First is to establish Workplace Agreements, individual or collective. Companies wishing to deal with employees individually should use Australian Workplace Agreements. Companies wishing to deal with one or more groups of employees, employers should use Employee Collective Agreements (non-union) or Union Collective Agreements. Companies establishing new business operations could also use Employer or Union Green-fields Agreements.

WorkChoices presents an opportunity for companies to look at their overall employment conditions and to re-assess what they do regarding workplace relations as a whole. Employers may be able to put in a more consistent and fairer structure across the board with benefits that better attract and retain candidates in a market beset by skills shortages.

The new system also means that employers and employees don’t have to worry about being dragged into an Industrial Commission because they want an agreement which needs to be certified. It’s much simpler.

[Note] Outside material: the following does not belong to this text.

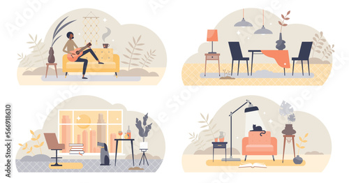 Family repair and remodeling home interior. Concept vector posters set. Couple paint walls and decorate house. People choosing wallpapers in diy store. Apaprtment renovation.

Second, employers have to make sure there is no “prohibited content” in their Workplace Agreements. These include things like compelling union involvement in negotiations, locking out unions from negotiations, restrictions on the use of independent contractors and providing a remedy for unfair dismissal or for union right of entry. Where Workplace Agreements contain prohibited content the prohibited clauses are unenforceable and the employer faces civil penalties of up to $6,600 per offence.

Under WorkChoices, some basic terms and conditions will be subject to the Australian Fair Pay and Condition Standard (AFPCS). These will be minimum safety net standards.

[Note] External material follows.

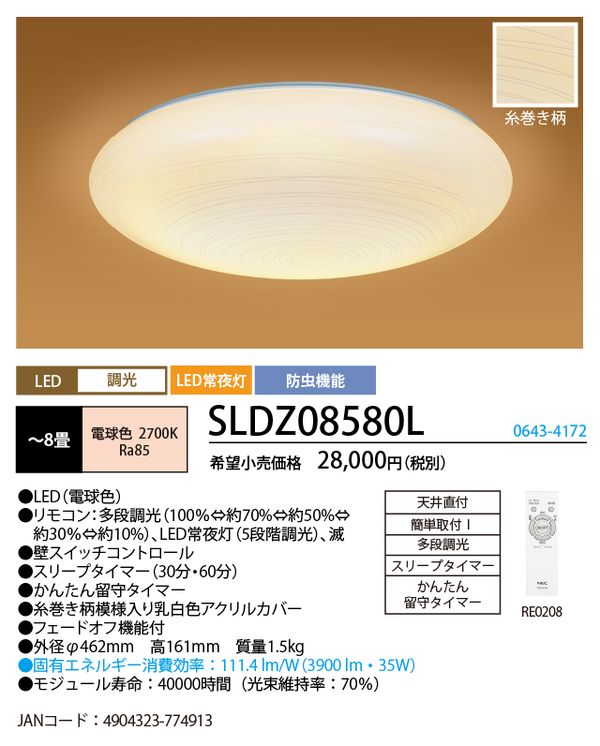 ●リモコン:多段調光(100%⇔約70%⇔約50%⇔約30%⇔約10%)、LED常夜灯(5段階調光)、減

Third, companies should expect that over time individual employees will be more active in negotiating, even appointing bargaining agents. Traditionally individual employees have played little part in negotiating for their own conditions of employment. The common scenario has been for an employee to apply for a job and then accept it or not, chiefly based on pay.

WorkChoices will likely see a gradual cultural shift in the way employers and employees conduct their business together. In time, employees will be expected to bargain for their terms and conditions, eg working hours, penalty rates, leave arrangements, sick leave etc.

Finally, when terminating employment companies should recognise that while there is reduced unfair dismissal risk because of exclusion for companies with 100 or less employees, because of increase in the qualifying period from three months to six months and because of exemption in respect of “genuine operational reasons”, they are still subject to unlawful dismissal rules.

Unlawful dismissal includes dismissing employees because of their age, race, colour religion, family responsibilities or because of their trade union membership or activities outside work hours, etc.

Unlike unfair dismissal claims that are heard in the Industrial Relations Commission, where the onus is on the employee to prove their case, unlawful dismissal claims are heard in the Federal Court system and the onus is reversed requiring the employer to prove that the dismissal was not unlawful.

Employers involved in unfair dismissal claims seeking to rely on the defence that a dismissal was for “genuine operational reasons” will need to make sure they can prove that the dismissal was due to genuine economic, technological, structural or similar reasons relating to the employer’s business.

For companies WorkChoices will open up a substantially simpler environment for making more flexible workplace agreements in the future, however, the transitional arrangements will prove quite complex in the short term.